И вот он уходит, а пляж остаётся. И, старея, он понимает, что уже никогда-никогда не вернётся. И когда эта мысль пронзает его, он бежит – всё быстрей и быстрей, от этого до отчаяния любимого пляжа!..

Девочка смотрит ему вслед и всё прощает…

 

Стрёмные корабли

(В соавторстве с Григорием Пиковым)

Когда-нибудь в будущем мне очень захочется написать сказку. Грустную сказку о самом себе. Она будет вот такой:

«Однажды на свете жил-был григорий пиков по имени Я. И у него было семь волшебных, летящих по воздуху, стрёмных кораблей. Это были прозрачные стеклянные стаканы, и на их граненых боках кто-то нарисовал семь красивых, легкокрылых каравелл. И когда к Я приходили друзья, такие же, как он, простые григории пиковы, они пили из этих стаканов портвейн. И казалось, что красный цвет вина – это цвет далёкого моря, и стрёмный кораблик на твоём стакане тихонько плывёт по этой пурпурной глади куда-то в далёкие и тёплые берега, где нас, как водится, обязательно кто-то должен ждать. Но чем больше григории пиковы пили, тем «Кавказ» в стаканы они лили неровней. И получалось, что теперь корабли то взлетают над морем, то тонут в его багровой, спиртосодержащей пучине.
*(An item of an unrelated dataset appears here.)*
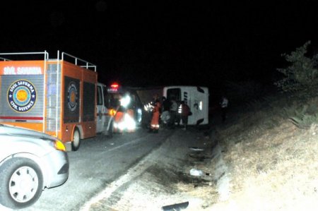 Bursa'da, kontrolden çıkan bir yolcu otobüsünün devrilmesi sonucu 59 kişi yaralandı.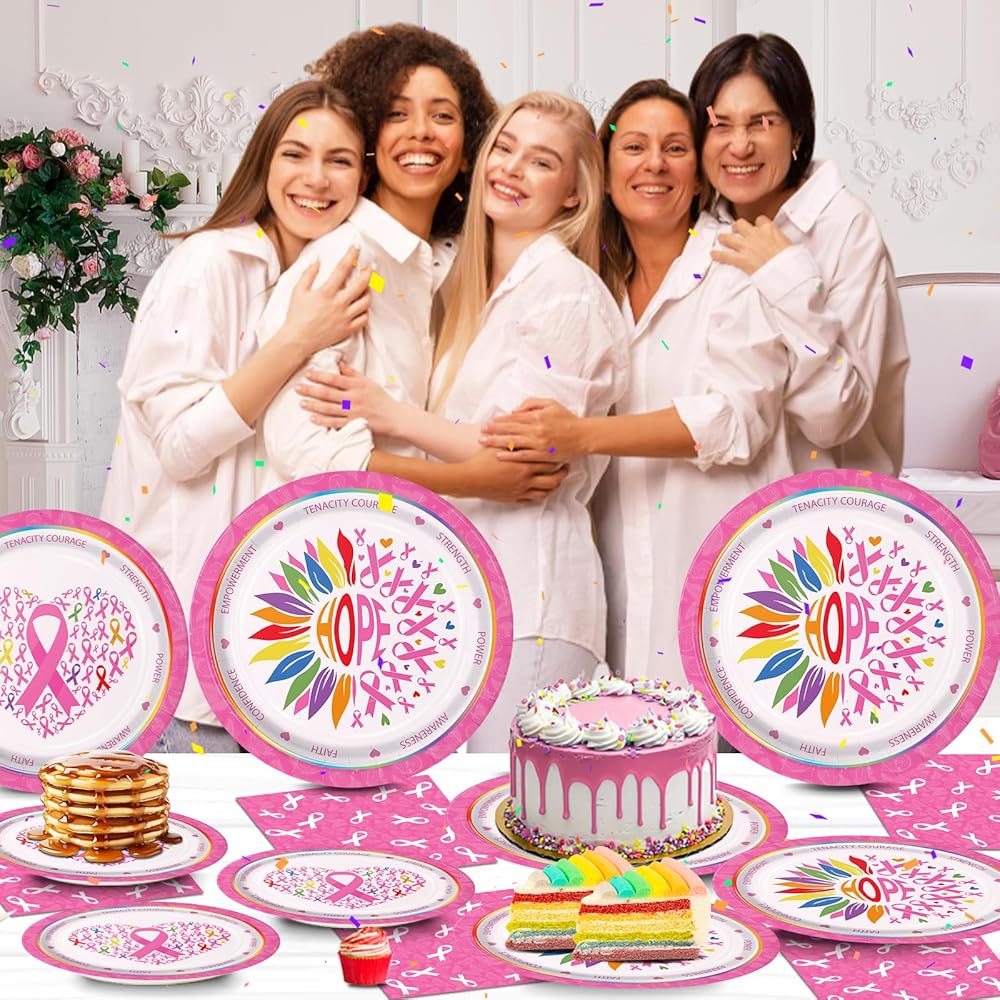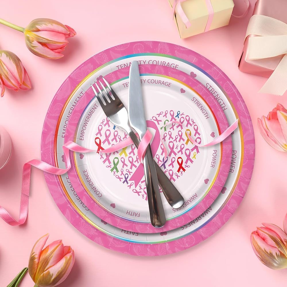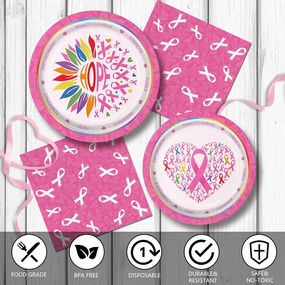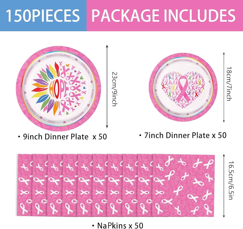 150pcs Breast Cancer Awareness Party Supplies Pink Ribbon Plates Napkins Disposable Dinner Plates Tableware Set Decorations for Breast Cancer Awareness Women Charity Activities Serve 50

А когда прошло много времени, столько, что из семи стеклянных стаканов со стрёмными кораблями неразбитыми не осталось ни одного, Я вдруг понял, что теперь он один: все его друзья уже давным-давно либо улетели на небо, либо – пошли на дно…».

 

Пускай твердит молва, что Я

Давно уже сошёл с ума,

Я просто верит, Я твёрдо верит,

Что стрёмный корабль

За ним приплывёт.

 

Средневековый город

В тёмной комнате, куда не проникает и лучик света, Джим Мориссон в недоумении ощупывает себя руками: кто я? где я? и что я делаю здесь? Из темноты возникают стены, и его руки скользят по обыкновенным, бумажным обоям. Чтобы хоть что-то узнать о себе, Джим Мориссон проводит по телу ладонями; и ему кажется, что его тело похоже на средневековый город, который покинули жители… Становится страшно – а на самом ли деле ты тот самый Джим Моррисон, об которого разбилось так много молодых, взволнованных сердец? Откуда-то, как будто издалека, как бывает в фильмах, возникает знакомая музыка. Когда она завершится, ты должен будешь потушить свет – не восхитительно ли?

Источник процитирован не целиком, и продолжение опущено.